I am running rvm Perhaps this has a bearing on the problem? Or perhaps this problem has a bearing on the rvm problem. https://github.com/wayneeseguin/rvm/issues/835
The issue certainly looks similar. Does it help if you move /etc/profile.d/rvm.sh away?
Yes, that is it. cd /etc/profile.d mv rvm.sh rvm.sh.old Reboot - and almost everything is fine.
Good to know. To summarize the problem: 1) /etc/X11/prefdm executes /usr/sbin/gdm 2) /usr/sbin/gdm is a shell script running in POSIX mode (it has #!/bin/sh) 3) /usr/sbin/gdm sources /etc/profile 4) /etc/profile sources /etc/profile.d/rvm.sh 5) rvm.sh depends on non-POSIX bash functionality, so a syntax error is hit. The whole thing quits with error code 2. I see at least 2 issues that made this problem needlessly difficult to debug: - /etc/X11/prefdm executes the display manager with ">/dev/null 2>&1", thus hiding the error messages. - /etc/profile sources the files /etc/profile.d/*.sh with: . "$i" >/dev/null 2>&1 again hiding the error messages. prefdm is owned by initscripts. Reassigning.
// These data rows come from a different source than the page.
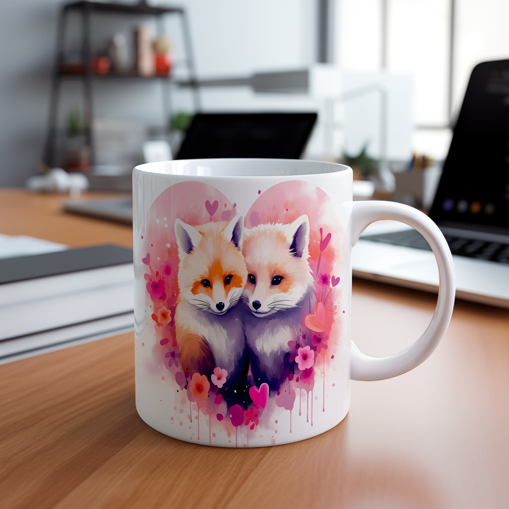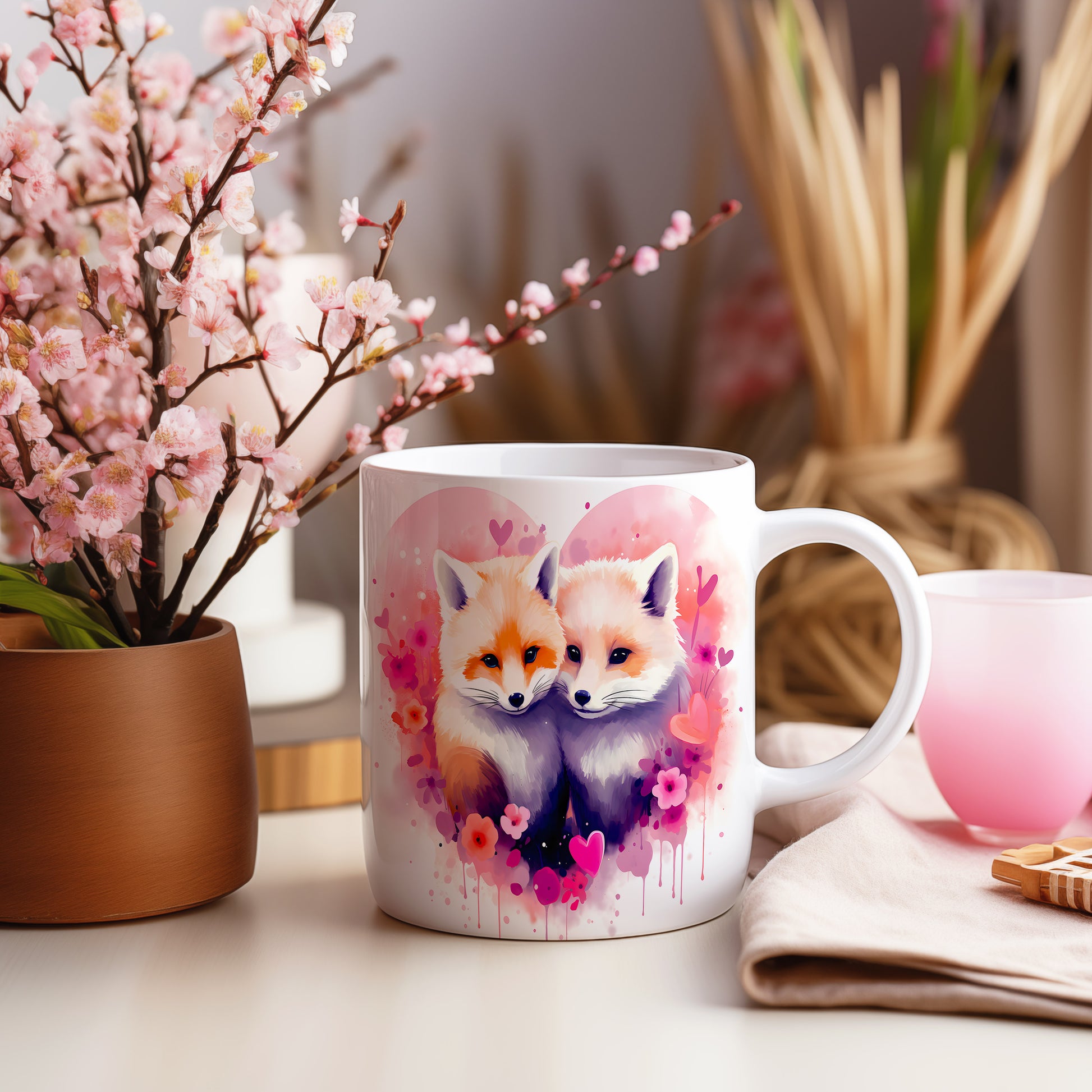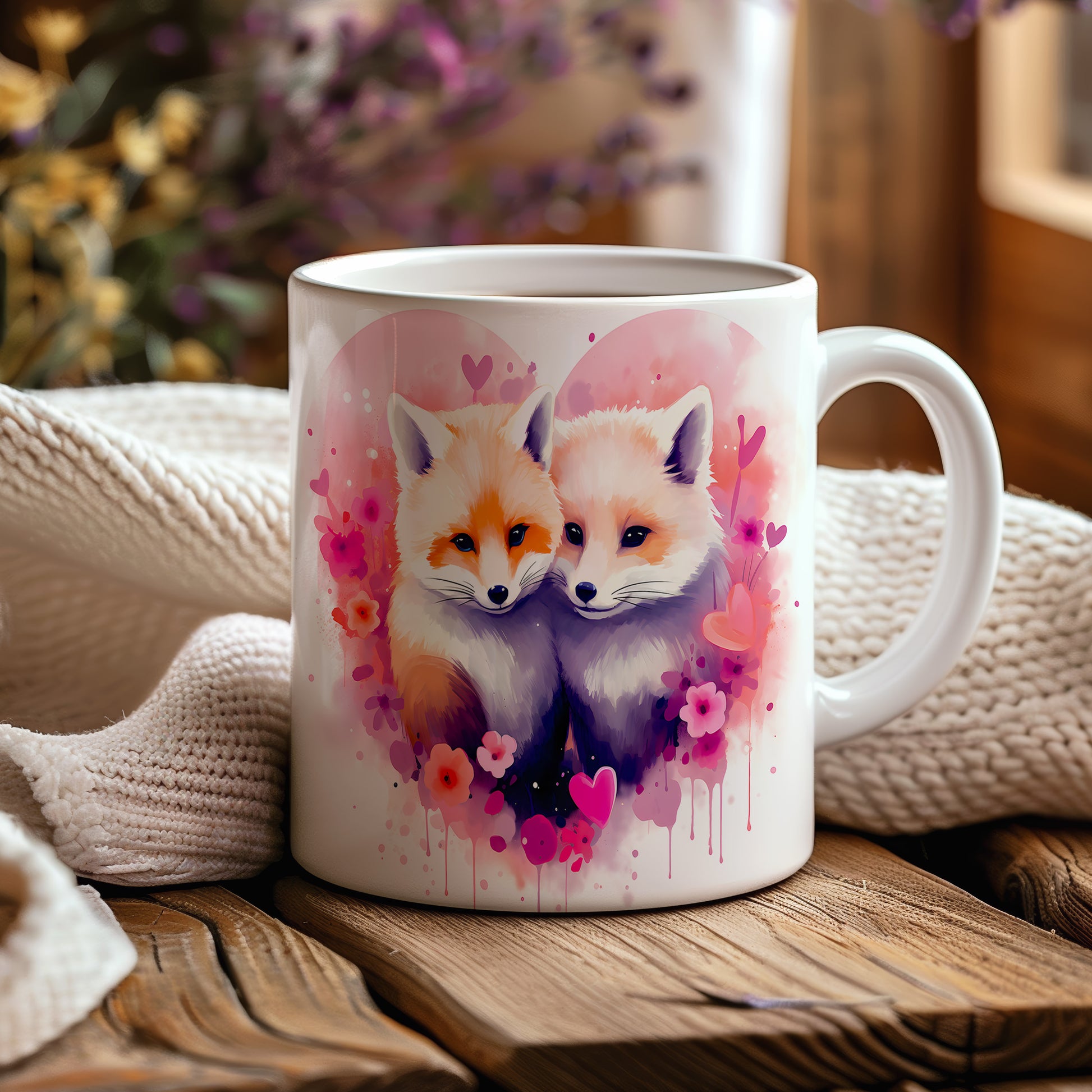 Objevte kouzlo tohoto hrnku s nádherným motivem lišek. Jemné pastelové barvy a romantické květiny přinášejí do vašeho dne radost a pohodu. Ideální dárek pro milovníky přírody a zvířat.
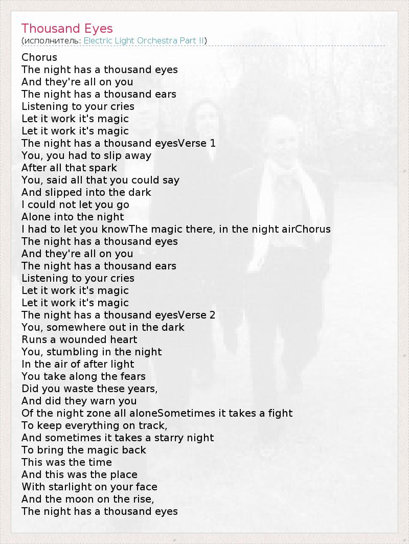 А как ты думаешь, о чем песня "Thousand Eyes" ?
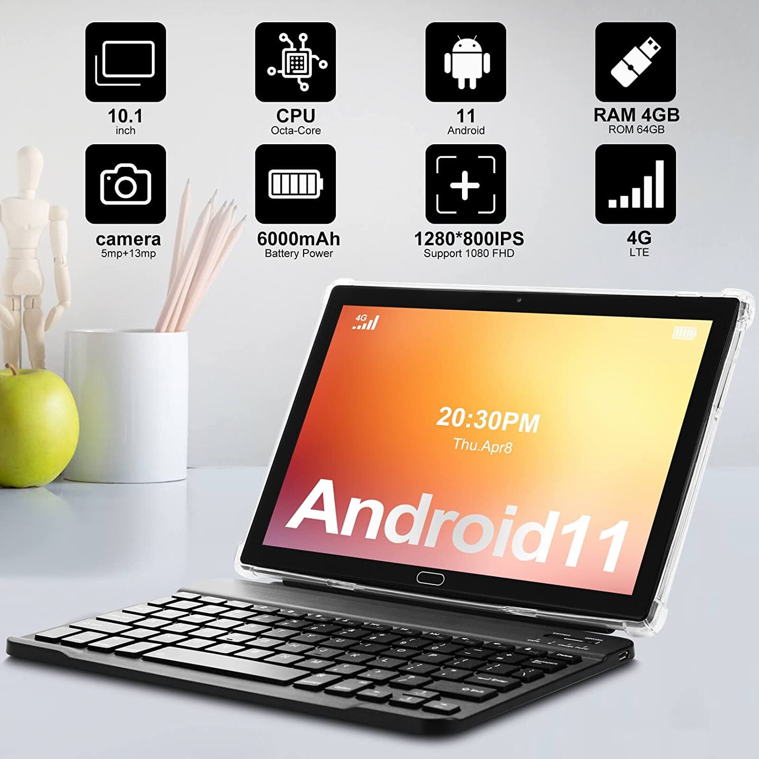 • 【More than a Tablet 】4G LTE phone tablet Comes with Bluetooth Keyboard, Pen, Wireless Mouse and foldable protective case, it can flexibly turn tablet into a laptop and smartphone mode, make it 2 in 1 Tablet.
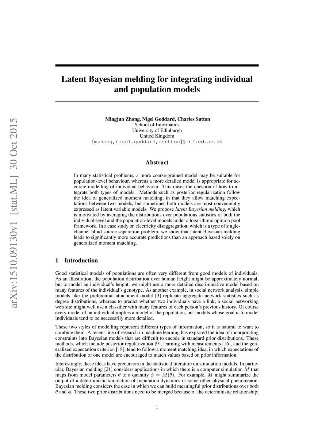 In many statistical problems, a more coarse-grained model may be suitable for population-level behaviour, whereas a more detailed model is appropriate for accurate modelling of individual behaviour. This raises the question of how to integrate both types of models. Methods such as posterior regularization follow the idea of generalized moment matching, in that they allow matching expectations between two models, but sometimes both models are most conveniently expressed as latent variable models. We propose latent Bayesian melding, which is motivated by averaging the distributions over populations statistics of both the individual-level and the population-level models under a logarithmic opinion pool framework. In a case study on electricity disaggregation, which is a type of single-channel blind source separation problem, we show that latent Bayesian melding leads to significantly more accurate predictions than an approach based solely on generalized moment matching.
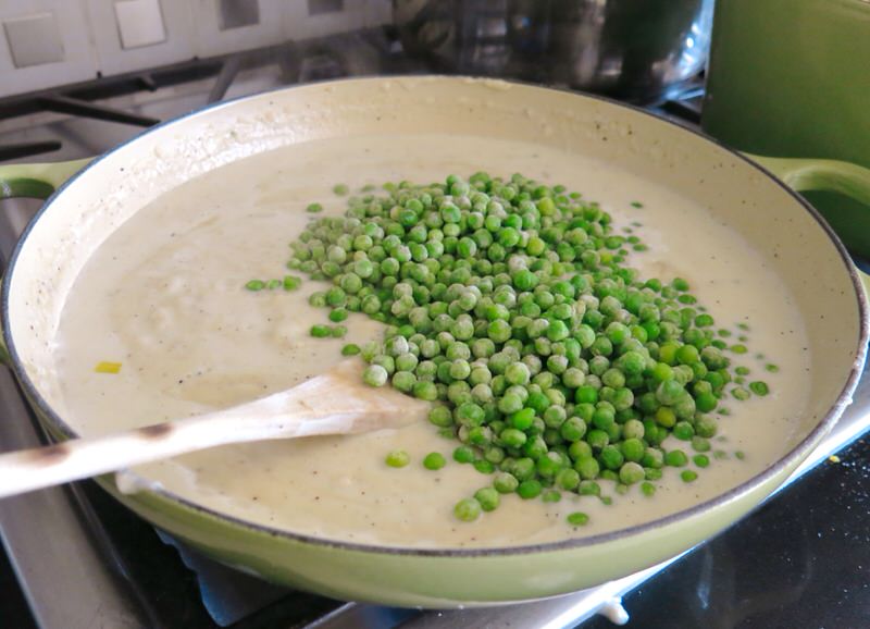 With the vegetables cooked down, there is just enough room for the white sauce and peas. A good few gentle stirs enable the sauce to fully incorporate.
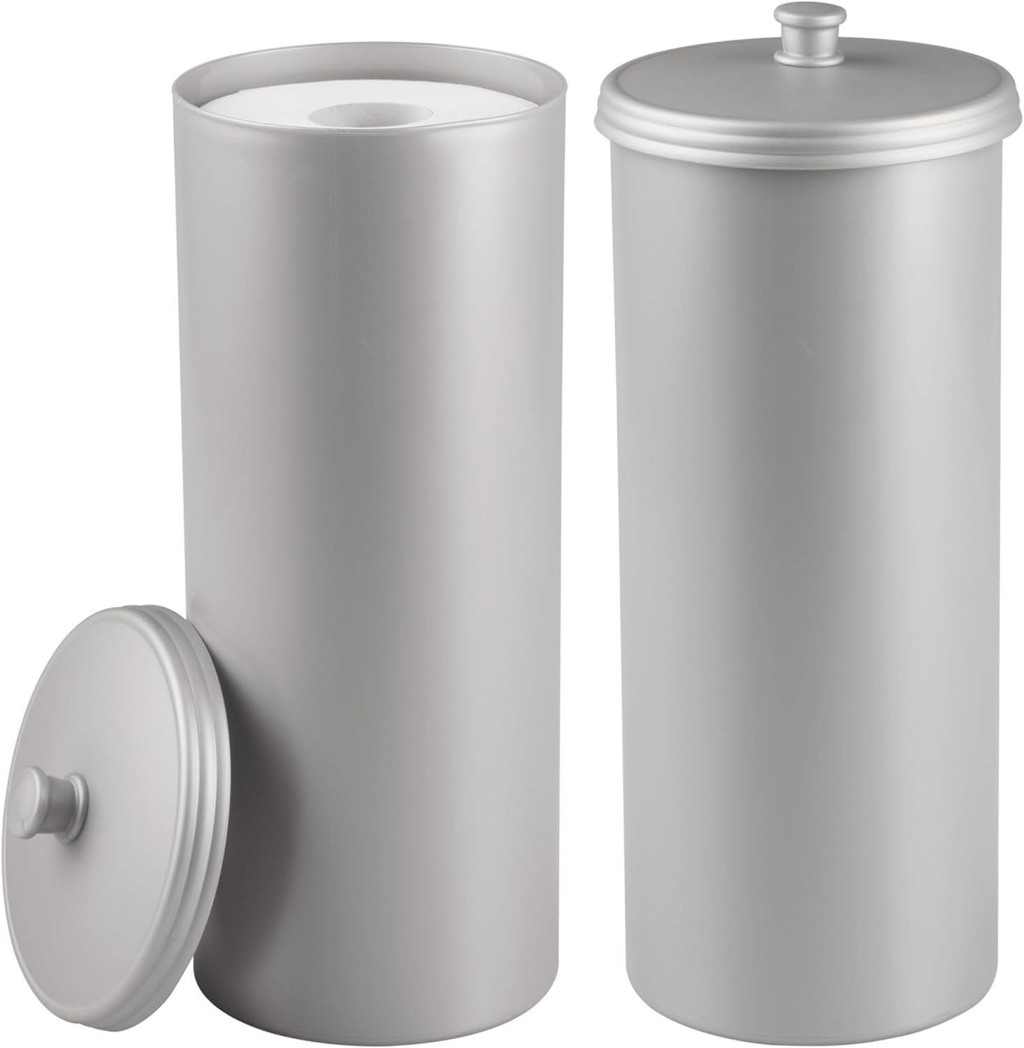 DISCREET STORAGE - This floor-standing iDesign Kent Toilet Paper Holder Stand keeps 3 spare rolls of toilet tissue neatly organized and covered, and the nesting lid is topped with a decorative knob for easy opening
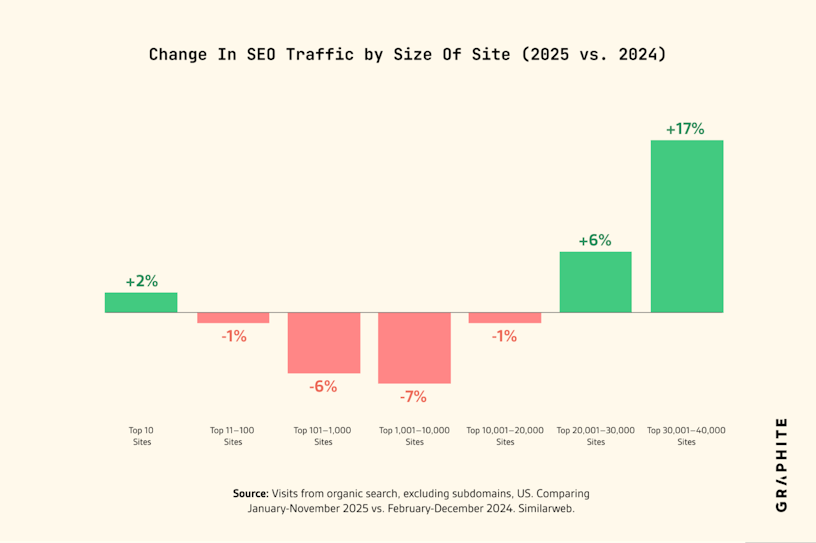 Contrary to sensational claims (e.g., -25 % or more), the data shows that organic search has remained relatively stable amid the rise of AI Overviews, with overall search engine traffic even increasing slightly (+0.4 %) and Google traffic rising about +0.8 %. Large sites (top 10) saw traffic increase by around 1.6%, while mid-range sites (ranked ~100–10,000) experienced the largest declines. This is a nuance often lost in broad narratives.
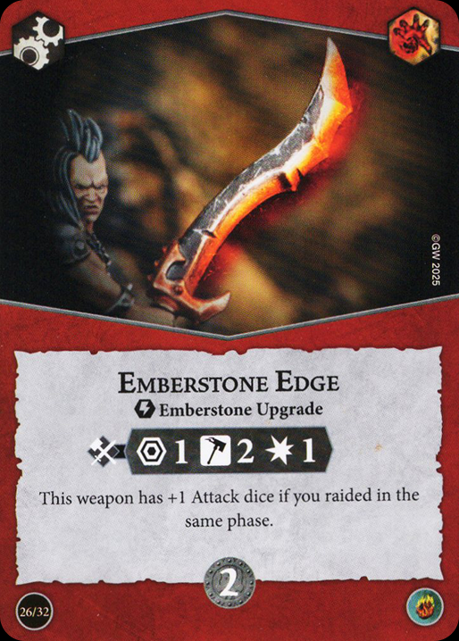 Emberstone Edge is a fairly niche weapon. One of the main things that makes it unique is that it’s an Emberstone Upgrade and thus interacts in a special manner with its deck’s plot card. I believe the design is intended so that you have access to a reliably accurate melee attack once you pick up the bonus attack dice which will enable future raid triggers. If you’re taking a warband with a few low accuracy fighters in the Realmstone Raiders deck, this could come in handy presuming you want to use it to score – damage wise, it’s nothing impressive and it’s also tied for the most expensive weapon upgrade at 2 glory.

I cloned this for the packages setup and gdm as bug 805507 and bug 805517.
This is more or less intentional; it's executing, in order, fallbacks from a list of display managers. If we don't throw the error messages out, everyone will get error messages about display managers that don't exist on the system in question, in cases where them not existing isn't an error.
But: - it does the redirection even when running $preferred. - for the fallbacks it could do: [ -x /usr/sbin/gdm ] && exec /usr/sbin/gdm "$@" and similar.
It could, although that means it's tied into whatever directories the DM happens to live in, even if it moves. Obviously, this should go away with systemd-ification of display managers in F18.
(In reply to comment #19) > It could, although that means it's tied into whatever directories the DM > happens to live in, even if it moves. Good point. You might like this then: type -P gdm >/dev/null && exec gdm "$@" > Obviously, this should go away with systemd-ification of display managers in > F18. Yes, hopefully. You can decide whether to use the "type -P" guards, or just WONTFIX this for F<18.
I think I'm going to WONTFIX this - trying to catch an error in profile.d shell scripts this way isn't a case to go out of the way to rearchitect and fix.
what's the conntent of /etc/sysconfig/desktop ? i got this issue also, but i fixed, cuz i allways install Fedora from minimal packages options on install stage and every time i forgot to config /etc/sysconfig/desktop, i think this skips firstlogin and other setup which could be the issue of not having /etc/sysconfig/desktop created which could lead to this "bug") [root@lxvz9mv901 ~]# uname -a Linux lxvz9mv901 3.3.7-1.fc17.i686.PAE #1 SMP Mon May 21 22:42:05 UTC 2012 i686 i686 i386 GNU/Linux [root@lxvz9mv901 ~]# rpm -q openbox lxdm openbox-3.5.0-5.fc17.i686 lxdm-0.4.1-1.fc17.i686 [root@lxvz9mv901 ~]# and i got solved as soon as created /etc/sysconfig/desktop here you have mine: [root@lxvz9mv901 ~]# cat /etc/sysconfig/desktop PREFERRED=/usr/bin/openbox-session DISPLAYMANAGER=/usr/sbin/lxdm [root@lxvz9mv901 ~]#